In fact Python only checks #, coding, and encoded strings, and all the other characters are added for aesthetics. In addition, there are many character encodings available in Python, and there are many aliases that are not case sensitive, such as UTF-8 can be written as U8. See Http://docs.python.org/library/codecs.html#standard-encodings.
It is also important to note that the encoding of the declaration must be the same as the encoding used when the file is actually saved , otherwise there is a large chance of a code parsing exception. Now the IDE will generally automatically handle this situation, change the declaration and then replace the declaration of the encoding to save, but the text editor controls need to be careful:)
2.3. Read and Write files
When the built-in open () method opens the file, read() reads Str, and after reading it needs to be decode () using the correct encoding format.
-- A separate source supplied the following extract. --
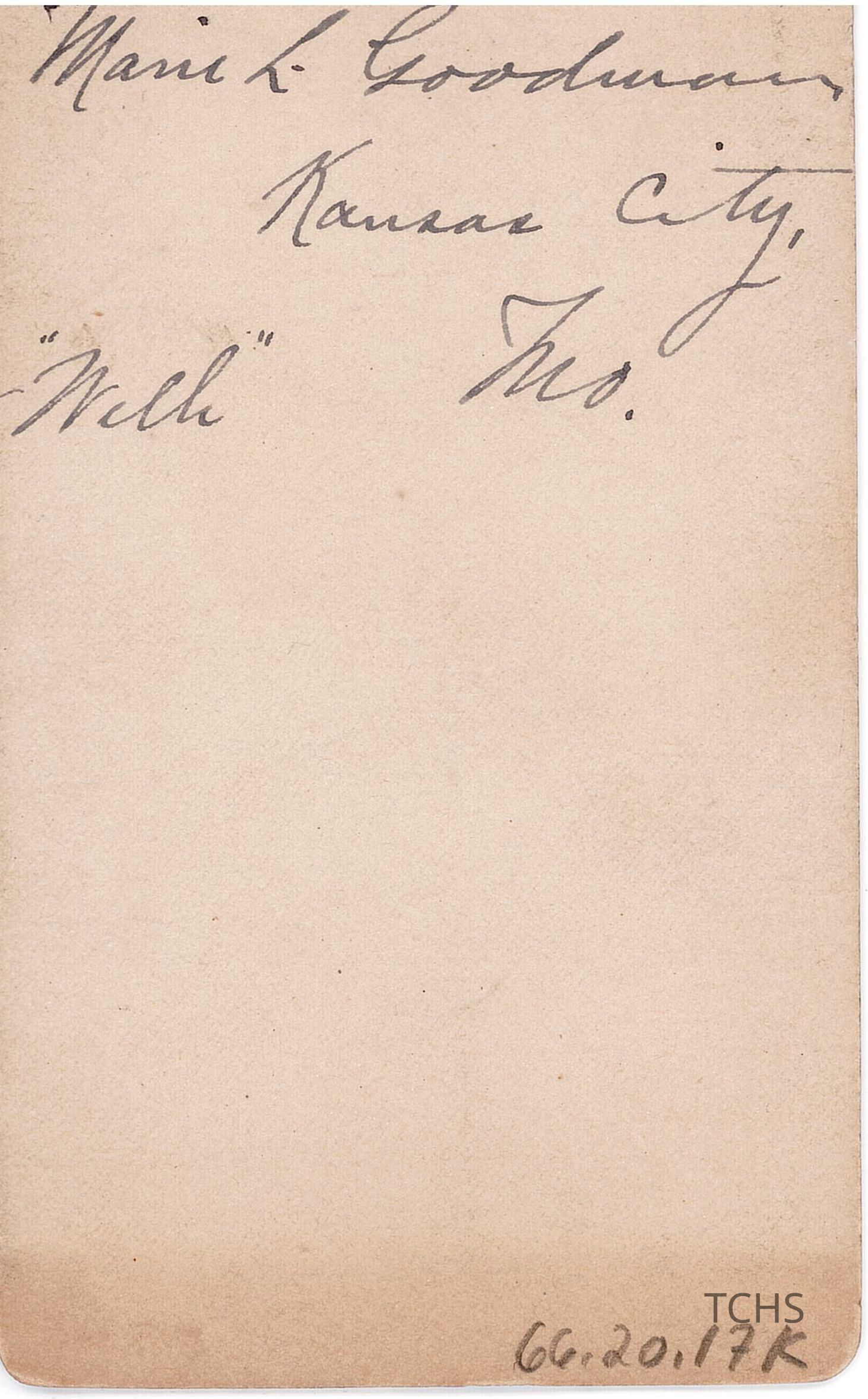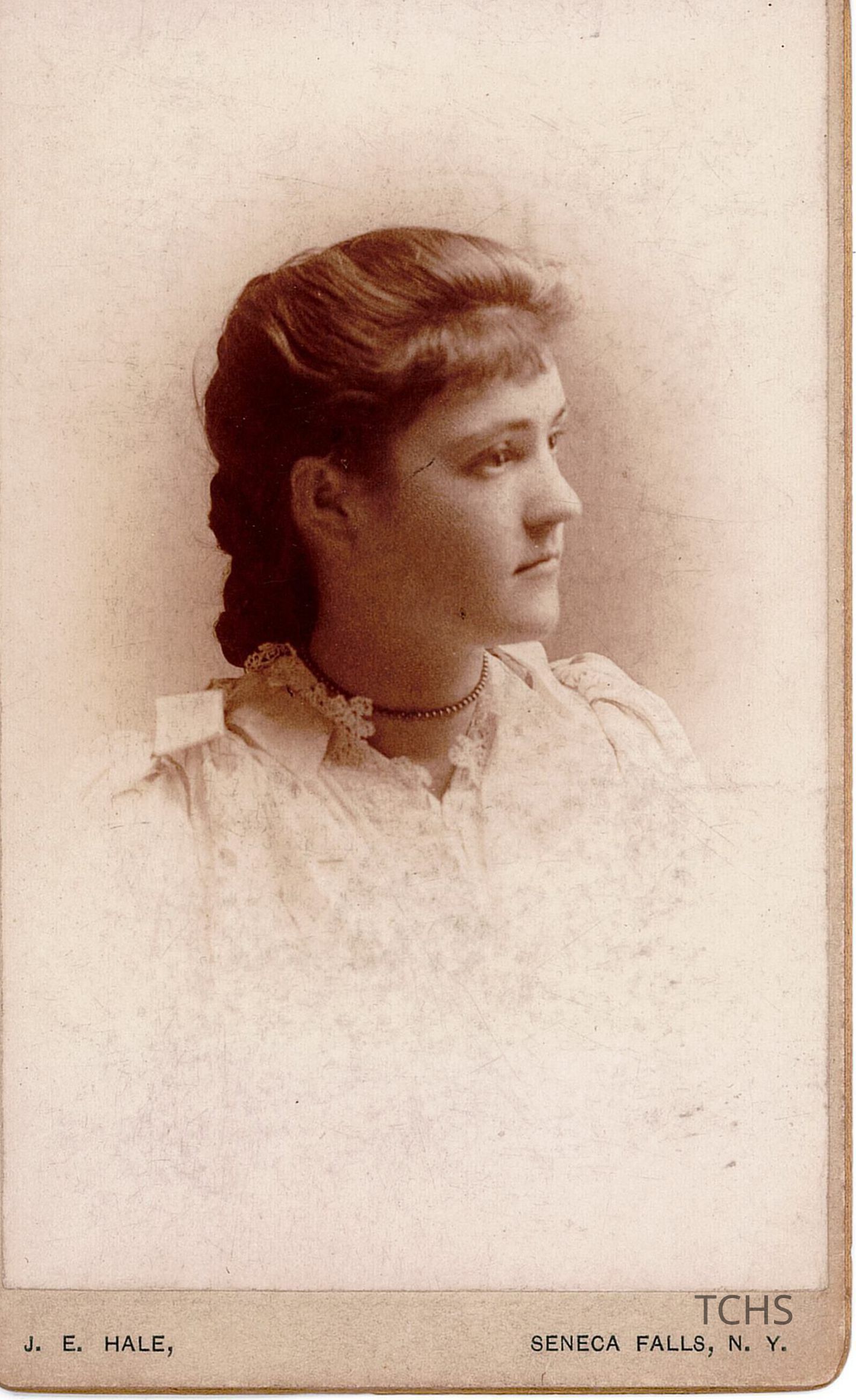 Cabinet card of Marie L. Goodman from Kansas City. Undated. Taken by J. E. Hale in Seneca Falls, N.Y.Acquisition
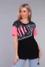 Футболка женская классическая прямого покроя, основной цвет черный, рукава 2 цветов - розового и зеленого. Оригинальный принт на полочке.

Write (), if the parameter is Unicode, you need to encode () with the encoding you wish to write, and if it is a different encoded format str, you need to first decode () with that Str's encoding, Convert to Unicode and then use the written encoding for Encode (). If you pass Unicode as a parameter directly to the write () method, Python will first encode and write using the character encoding declared by the source code file.
1234567891011121314 |
# coding: UTF-8 f
= open
(
‘test.txt‘
)
s
= f.read()
f.close()
print type
(s)
# <type ‘str‘>
# 已知是GBK编码,解码成unicode
u
= s.decode(
‘GBK‘
)
f
= open
(
‘test.txt‘
,
‘w‘
)
# 编码成UTF-8编码的str
s
= u.encode(
‘UTF-8‘
)
f.write(s)
f.close()
|
In addition, module codecs provides an open () method that can specify an encoding for opening a file, and using this method to open a file read will return the Unicode. When writing, if the parameter is Unicode, the encoding specified with open () is encoded and then written, and if it is STR, it is first decoded into Unicode based on the character encoding declared by the source code file before the aforementioned operation. Compared with the built-in open (), this method is less prone to coding problems.
1234567891011121314151617181920 |
# coding: GBK
import codecs
f
= codecs.
open
(
‘test.txt‘
, encoding
=
‘UTF-8‘
)
u
= f.read()
f.close()
print type
(u)
# <type ‘unicode‘>
f
= codecs.
open
(
‘test.txt‘
,
‘a‘
, encoding
=
‘UTF-8‘
)
# 写入unicode
f.write(u)
# 写入str,自动进行解码编码操作
# GBK编码的str
s
= ‘汉‘
print repr
(s)
# ‘\xba\xba‘
# 这里会先将GBK编码的str解码为unicode再编码为UTF-8写入
f.write(s)
f.close()
|
2.4. Coding-related methods
Some methods for getting the default encoding in the current environment are provided in the Sys/locale module.
12345678910111213141516171819202122232425262728293031 |
# coding:gbk
import sys
import locale
def p(f):
print ‘%s.%s(): %s‘ % (f.__module__, f.__name__, f())
# 返回当前系统所使用的默认字符编码
p(sys.getdefaultencoding) # 返回用于转换Unicode文件名至系统文件名所使用的编码
p(sys.getfilesystemencoding)
# 获取默认的区域设置并返回元祖(语言, 编码)
p(locale.getdefaultlocale)
# 返回用户设定的文本数据编码
# 文档提到this function only returns a guess
p(locale.getpreferredencoding)
# \xba\xba是‘汉‘的GBK编码
# mbcs是不推荐使用的编码,这里仅作测试表明为什么不应该用
print r
"‘\xba\xba‘.decode(‘mbcs‘):"
,
repr
(
‘\xba\xba‘
.decode(
‘mbcs‘
))
#在笔者的Windows上的结果(区域设置为中文(简体, 中国))
#sys.getdefaultencoding(): gbk
#sys.getfilesystemencoding(): mbcs
#locale.getdefaultlocale(): (‘zh_CN‘, ‘cp936‘)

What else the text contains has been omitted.